Jupyter Notebook (formerly IPython Notebooks) is a web-based interactive computational environment for creating Jupyter notebook documents. The "notebook" term can colloquially make reference to many different entities, mainly the Jupyter web application, Jupyter Python web server, or Jupyter document format.

# Markdown

You can edit this block to see how it is formatted. Double-click anywhere on this text to activate.

This is text. This is not python code. This will not run. 

But this will be displayed properly.

# This is a heading

## This is a smaller heading

### This is an even smaller heading



Here're the reasons why you should use markdown cells:
1. It makes your notes look better
1. It helps other programmers understand what you are doing

# Comments in Python

Comments are used to explain the code, make notes to help other programmers, or make notes for future scope.
They are mostly used to make code readable.

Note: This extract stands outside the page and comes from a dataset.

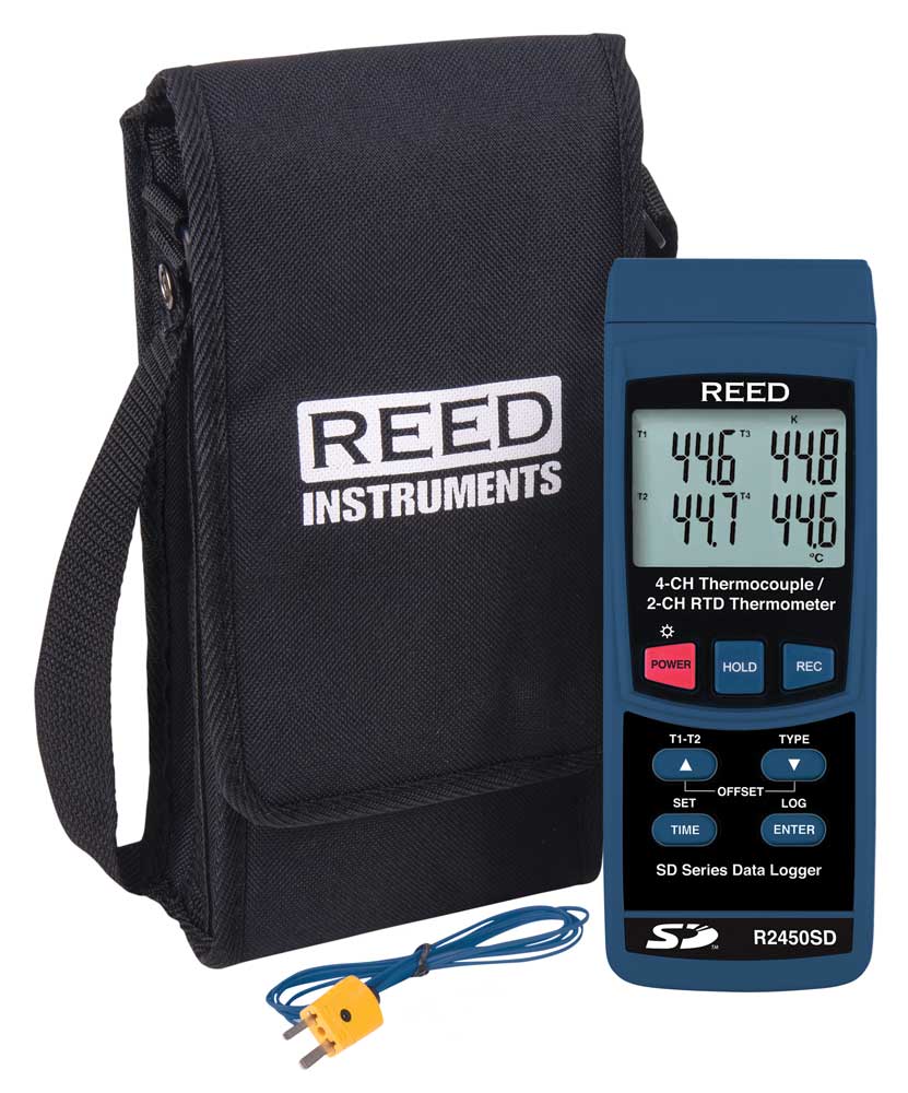 Real-time data logger with integrated SD memory card measures/records up to 4 separate temperature measurements simultaneously as well as temperature differential. Accepts Type K, J , R, S, E, T thermocouples and RTD probes. This product includes a Traceable Calibration Certificate with full Data and Uncertainties.
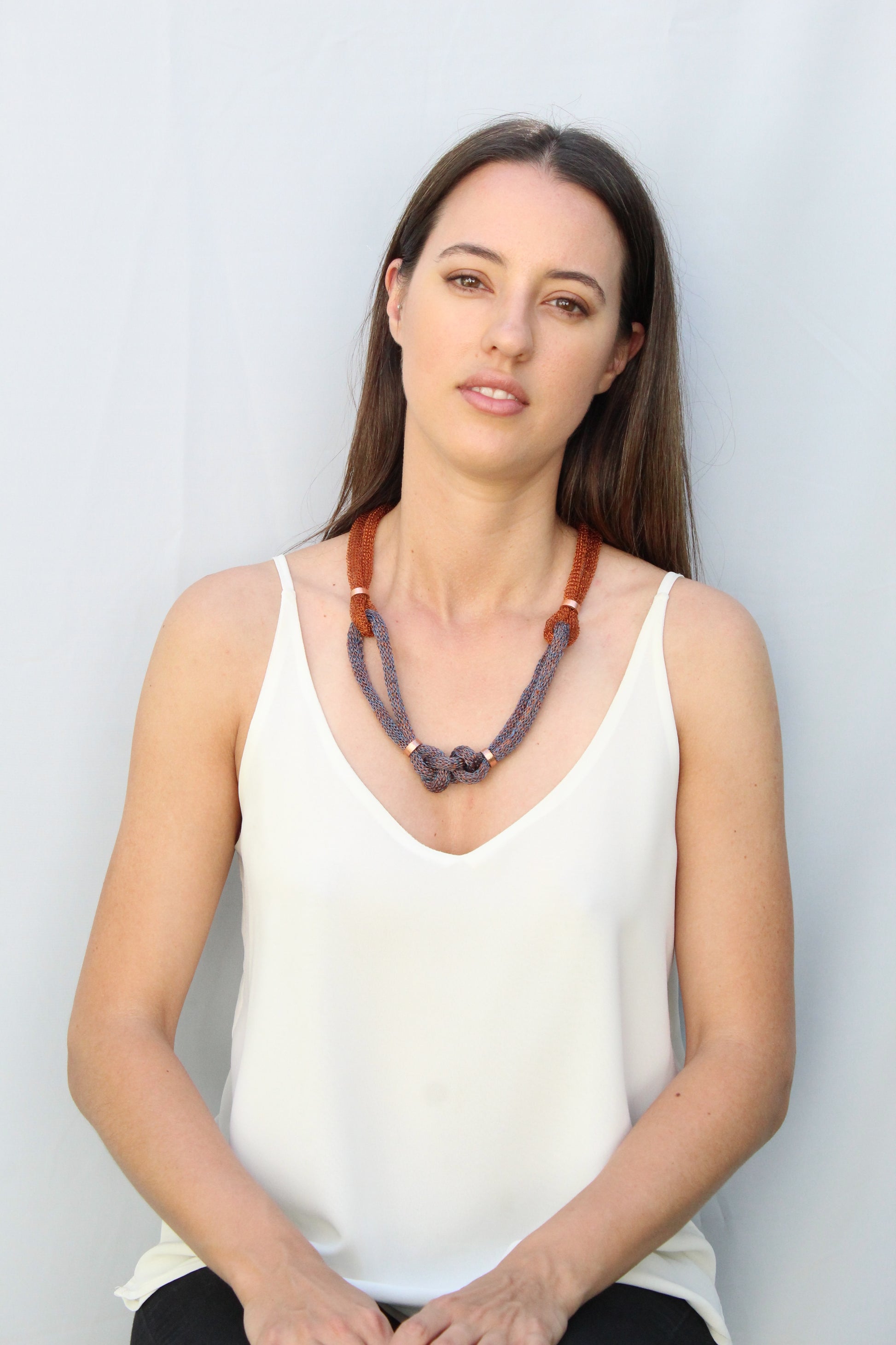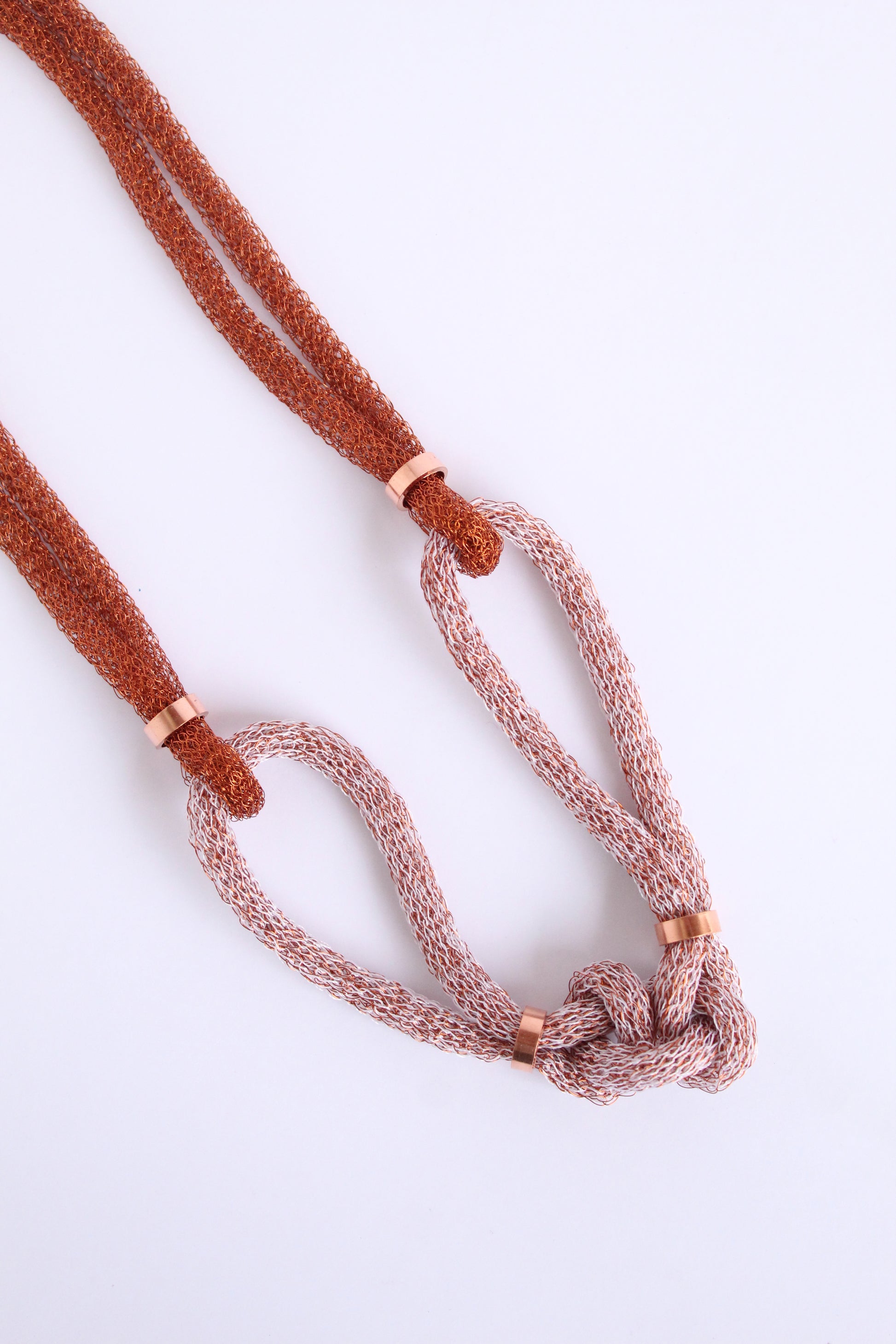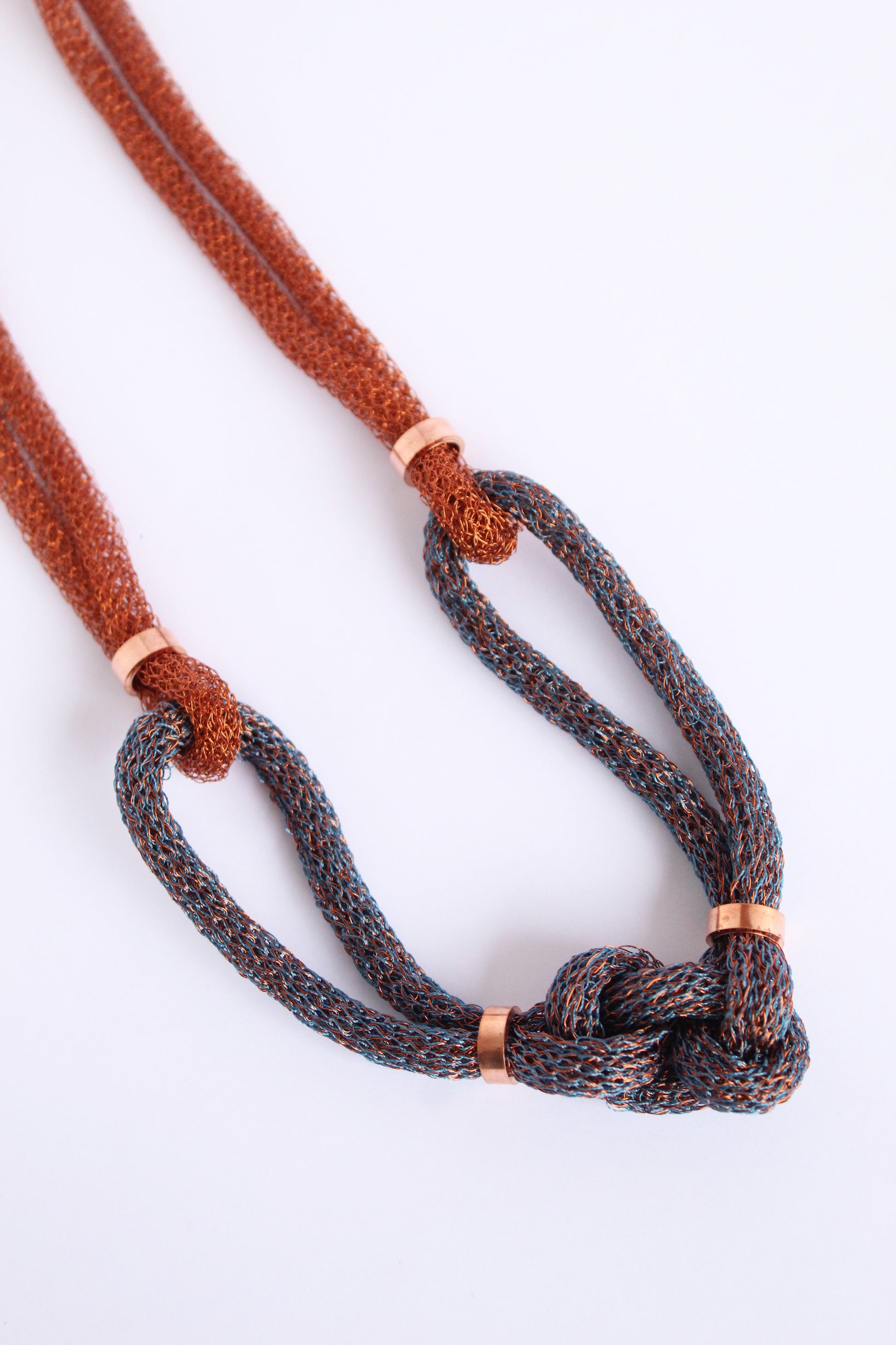 Collar tejido en alambre de cobre e hilo. Los cordones tejidos se unen a través de la aplicación de anillos de tuberías de cobre y un nudo que pende del medio dando forma a la pieza.

They are part of the code, not the markdown.

In [None]:
print ("Hello World!") # This is a string statement
print (5+9) # This is a number
print ('The end!') # Bye

In [None]:
def add_nums_and_print(num1, num2):
    """
    This function adds two numbers and prints the sum
    Parameters:
    num1: firstnumber
    num2: second number
    Returns: Sum of the two numbers
    """
    ans = num1+num2
    print ("The answer is "+str(ans))
    
add_nums_and_print(5,10)

In Python, you can use the help() function to see the details of the function.

In [None]:
help(print)

# Five Minute Python Refresher

Python is an interpreted, object-oriented, high-level programming language with dynamic semantics. Its high-level built in data structures, combined with dynamic typing and dynamic binding, make it very attractive for Rapid Application Development, as well as for use as a scripting or glue language to connect existing components together. 

# Data Structures

### data structure
An organization of data for the purpose of making it easier to use.
### immutable data value
A data value which cannot be modified. Assignments to elements or slices (sub-parts) of immutable values cause a runtime error.
### mutable data value
A data value which can be modified. The types of all mutable values are compound types. Lists and dictionaries are mutable; strings and tuples are not.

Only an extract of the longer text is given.